Try it — The data below should be transcribed in full, with no picture included.

Records from a data source —
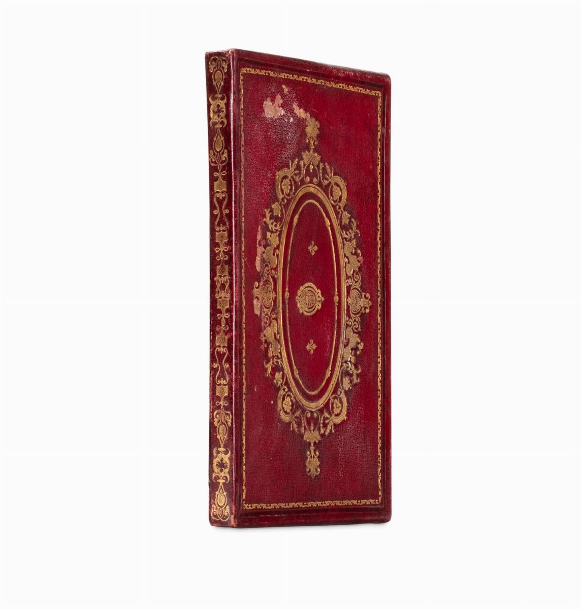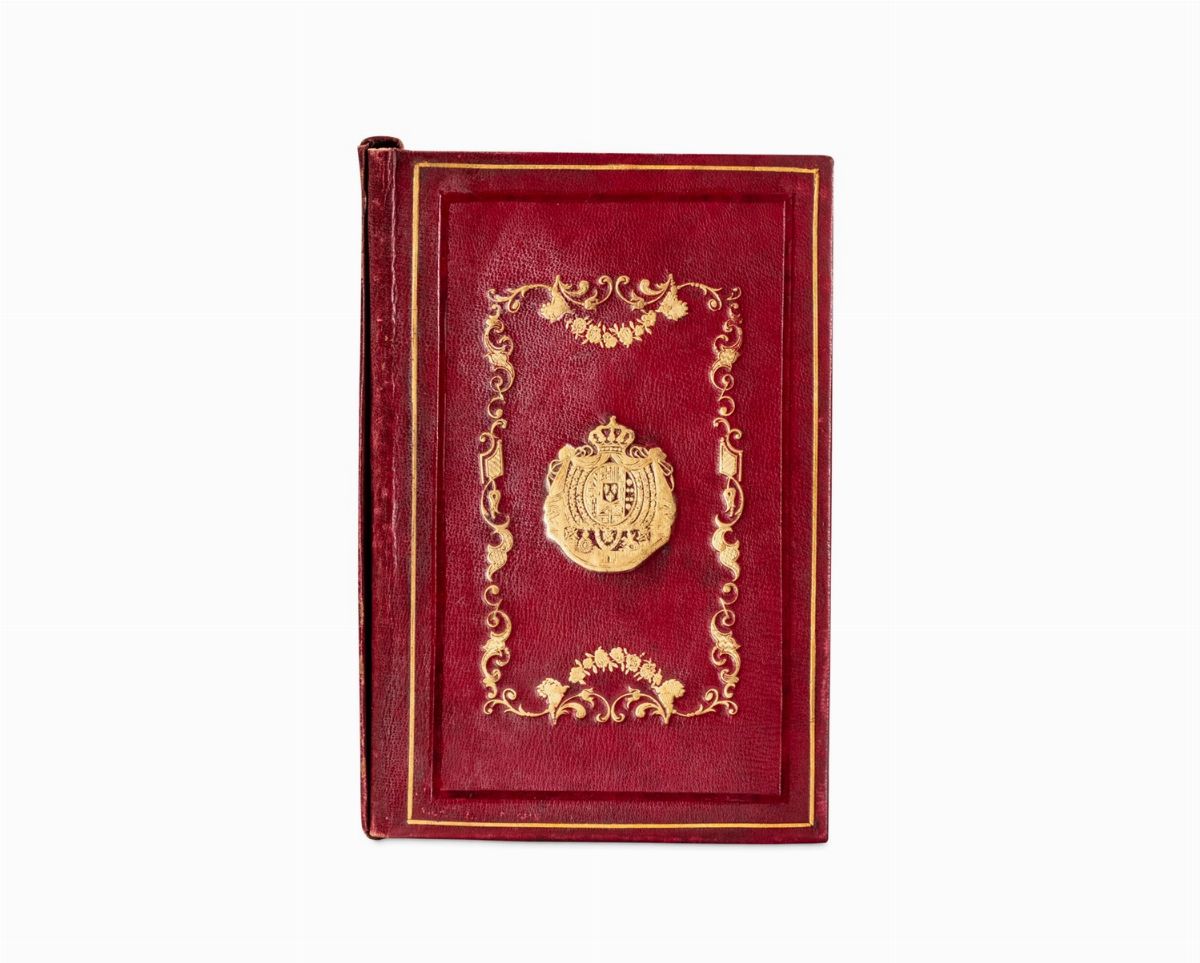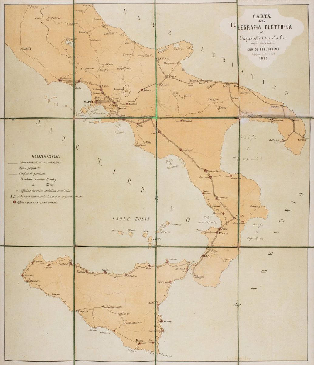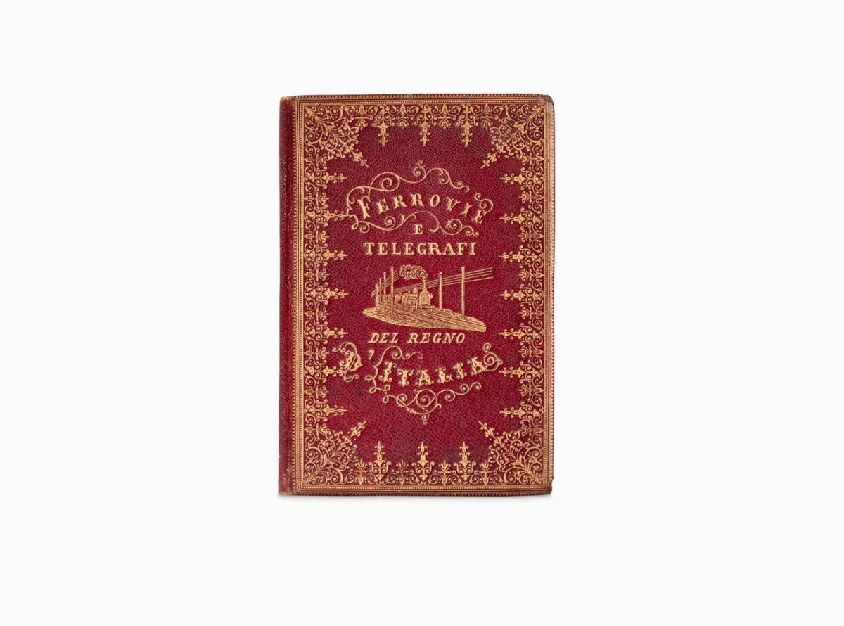 [Napoli], 1858. Carta incisa in rame, mm 675 x 550, su 12 cartoncini applicati su tela, acquerellata a mano, tela strappata in più punti, legatura coeva in pelle impressa a secco e in oro con filetti e cornice a volute che racchiude lo stemma borbonico su entrambi i piatti, entro custodia in cartone con decorazione simile alla legatura, qualche abrasione sprattutto sulla custodia. Insieme nel lotto una piccola legatura del secolo XIX in pelle impressa in oro con la scritta al piatto anteriore "Ferrovie e telegrafi del Regno d'Italia".
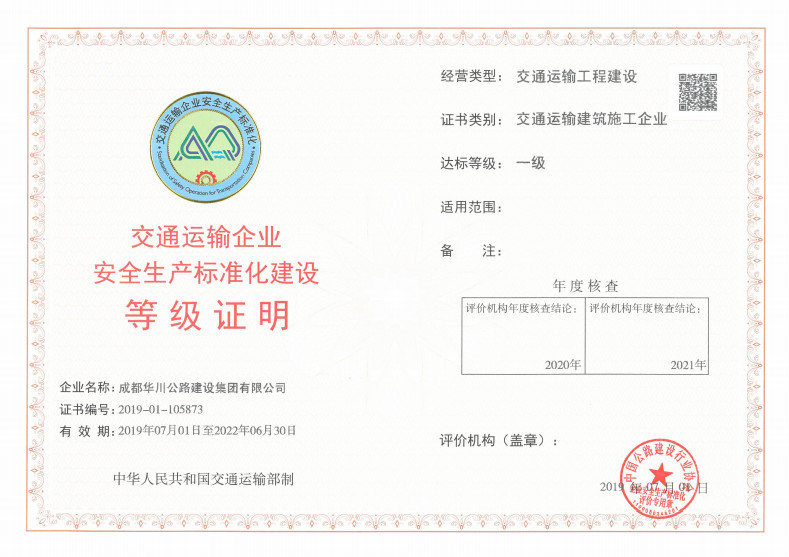 按照集團公司統(tǒng)一部署,于2018年10月啟動達標(biāo)創(chuàng)建工作。通過公司自查、備考、評價、驗收階段,穩(wěn)步推進標(biāo)準(zhǔn)化達標(biāo)的各項工作開展。2019年4月9日-11日,交通運輸部達標(biāo)評審專家組對集團公司進行一級達標(biāo)驗收,對集團安全生產(chǎn)標(biāo)準(zhǔn)化工作給予充分肯定。最終,集團公司順利通過交通運輸建筑施工企業(yè)安全生產(chǎn)標(biāo)準(zhǔn)化達標(biāo)認證考核。
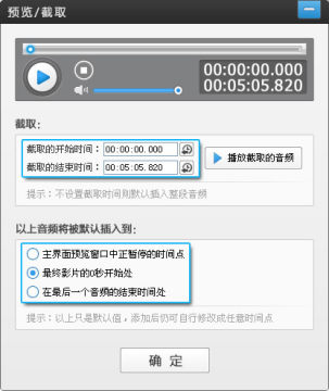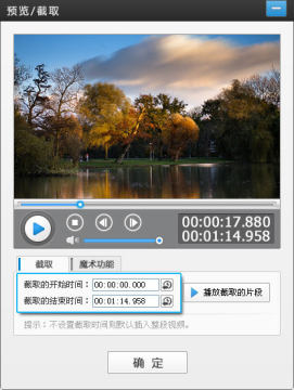 2、添加视频进入“预览/截取”对话框后,在该对话框截取视频片段(关于截取视频片段的详细技巧,可查看)。如果不需要截取视频片段,那我们可以直接点击“确定”按钮,将视频导入爱剪辑。
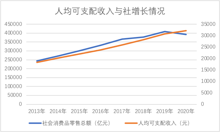 经过2019年的恢复,2020年社消又遭遇了极大的冲击,呈明显的下降态势,而当年虽然可支配收入增速有所下降(主要为疫情因素),但收入仍然是在增长区间的,也就是说,收入增长而社消却在萎缩。
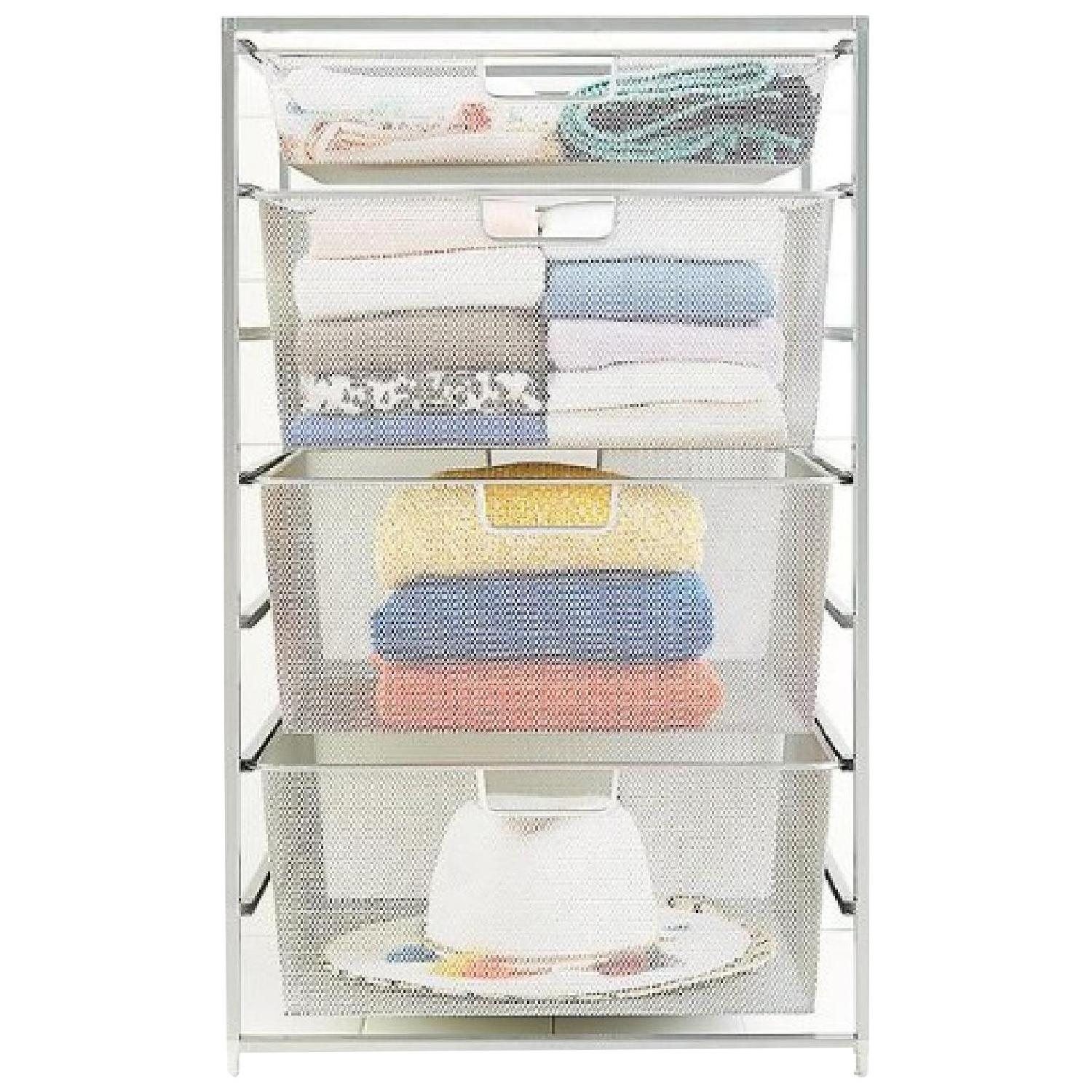 Seller's Notes:Platinum Elfa Mesh Stack A Shelf from the Container Store All purpose storage for kitchen, closet or office you can put it inside a closet for more storage space or anywhere you need additional drawers. It's quite portable to move from room to room or from one house to another
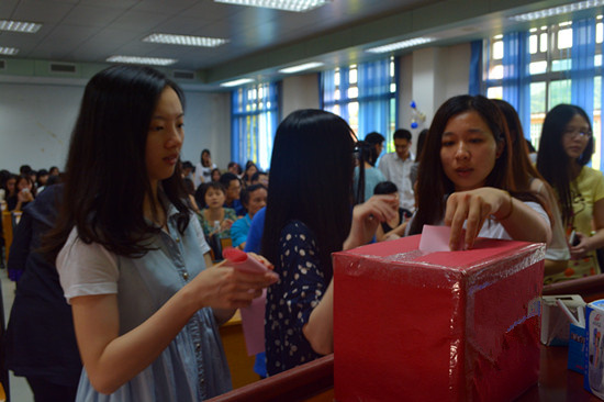 接下来,学院全体党员通过各项选举程序对党委会候选人进行选举。经选举,西语学院新一届党委会成员为:方华、杨可、陈华荣、刘齐生、杨晓敏、郑立华、叶剑如。
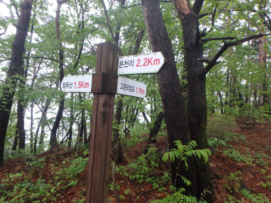(10;37)3거리이정표(첩푸산1.5km/고운리임도1.1km/온천리2.2km)에서 좌향 이정표(첩푸산1.5km)방향 다시 부드러운 육산 능선길 이어간다.
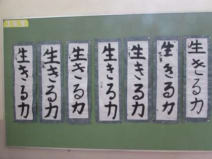 3年生の書き初めをご紹介します。3年生は「生きる力」と書きました。縦長の紙に書くこと、ひらがなを字の形を整えて書くことが難しかったのですが、子どもたちは頑張って描きました。
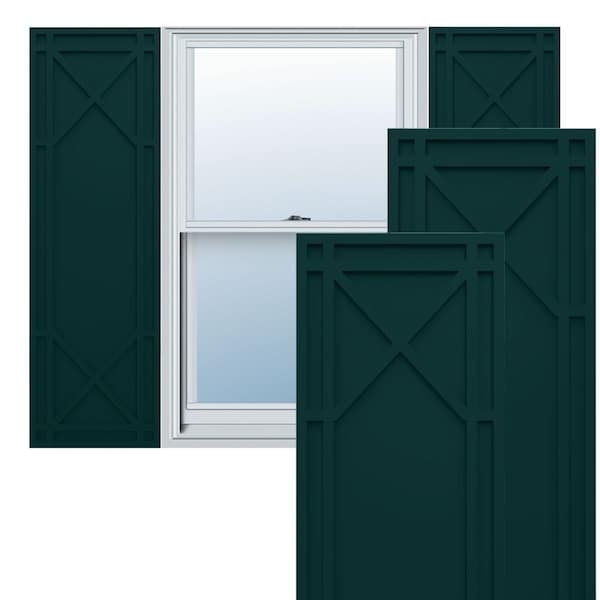 True Fit PVC Bungalow Fixed Mount Shutters, Thermal Green, 18W x 44H, PR
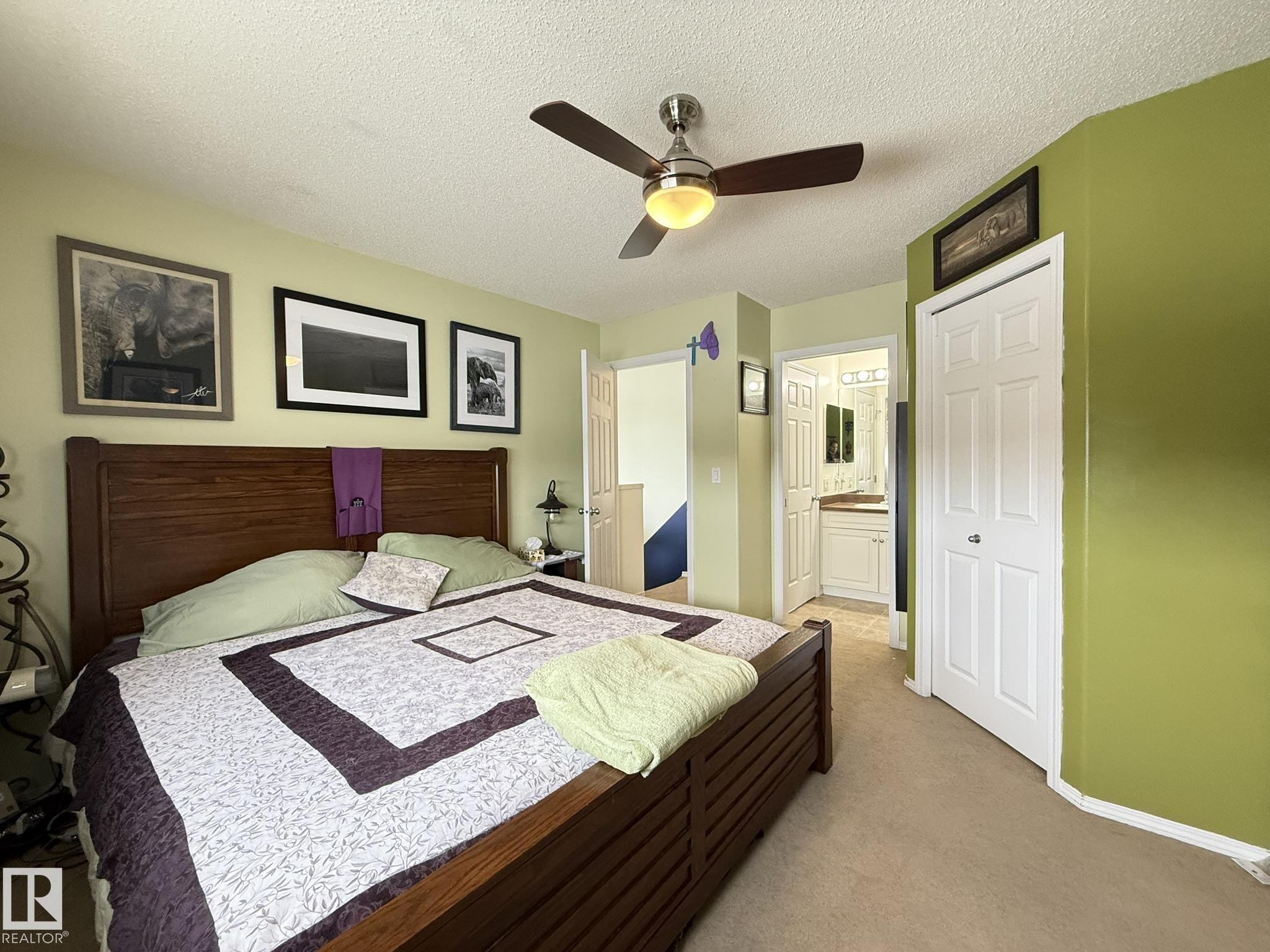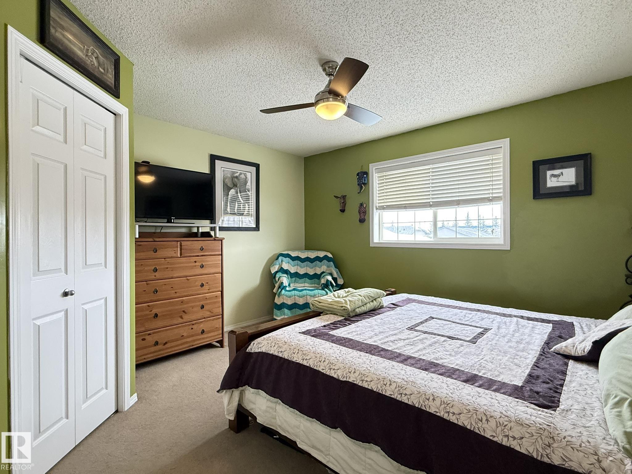 Great opportunity to own in Devon! Family friendly main floor, kitchen island, corner pantry, spacious living room, patio door access to fenced back yard with storage shed and greenhouse. Laundry room and half bath on the main floor. 3 bedrooms upstairs share a 4 piece bathroom with access to primary bedroom. Basement is finished with large rec room and another 4 piece bathroom. Oversized attached single garage is insulated and there is room for two more cars on the cement pad. Bonus: CENTRAL AIR CONDITIONING! Newer shingles, washer, dishwasher, stove as well!

Solution for this task —
 [Napoli], 1858. Carta incisa in rame, mm 675 x 550, su 12 cartoncini applicati su tela, acquerellata a mano, tela strappata in più punti, legatura coeva in pelle impressa a secco e in oro con filetti e cornice a volute che racchiude lo stemma borbonico su entrambi i piatti, entro custodia in cartone con decorazione simile alla legatura, qualche abrasione sprattutto sulla custodia. Insieme nel lotto una piccola legatura del secolo XIX in pelle impressa in oro con la scritta al piatto anteriore "Ferrovie e telegrafi del Regno d'Italia".
 按照集團公司統(tǒng)一部署,于2018年10月啟動達標(biāo)創(chuàng)建工作。通過公司自查、備考、評價、驗收階段,穩(wěn)步推進標(biāo)準(zhǔn)化達標(biāo)的各項工作開展。2019年4月9日-11日,交通運輸部達標(biāo)評審專家組對集團公司進行一級達標(biāo)驗收,對集團安全生產(chǎn)標(biāo)準(zhǔn)化工作給予充分肯定。最終,集團公司順利通過交通運輸建筑施工企業(yè)安全生產(chǎn)標(biāo)準(zhǔn)化達標(biāo)認證考核。
 2、添加视频进入“预览/截取”对话框后,在该对话框截取视频片段(关于截取视频片段的详细技巧,可查看)。如果不需要截取视频片段,那我们可以直接点击“确定”按钮,将视频导入爱剪辑。
 经过2019年的恢复,2020年社消又遭遇了极大的冲击,呈明显的下降态势,而当年虽然可支配收入增速有所下降(主要为疫情因素),但收入仍然是在增长区间的,也就是说,收入增长而社消却在萎缩。
 Seller's Notes:Platinum Elfa Mesh Stack A Shelf from the Container Store All purpose storage for kitchen, closet or office you can put it inside a closet for more storage space or anywhere you need additional drawers. It's quite portable to move from room to room or from one house to another
 接下来,学院全体党员通过各项选举程序对党委会候选人进行选举。经选举,西语学院新一届党委会成员为:方华、杨可、陈华荣、刘齐生、杨晓敏、郑立华、叶剑如。
(10;37)3거리이정표(첩푸산1.5km/고운리임도1.1km/온천리2.2km)에서 좌향 이정표(첩푸산1.5km)방향 다시 부드러운 육산 능선길 이어간다.
 3年生の書き初めをご紹介します。3年生は「生きる力」と書きました。縦長の紙に書くこと、ひらがなを字の形を整えて書くことが難しかったのですが、子どもたちは頑張って描きました。
 True Fit PVC Bungalow Fixed Mount Shutters, Thermal Green, 18W x 44H, PR
 Great opportunity to own in Devon! Family friendly main floor, kitchen island, corner pantry, spacious living room, patio door access to fenced back yard with storage shed and greenhouse. Laundry room and half bath on the main floor. 3 bedrooms upstairs share a 4 piece bathroom with access to primary bedroom. Basement is finished with large rec room and another 4 piece bathroom. Oversized attached single garage is insulated and there is room for two more cars on the cement pad. Bonus: CENTRAL AIR CONDITIONING! Newer shingles, washer, dishwasher, stove as well!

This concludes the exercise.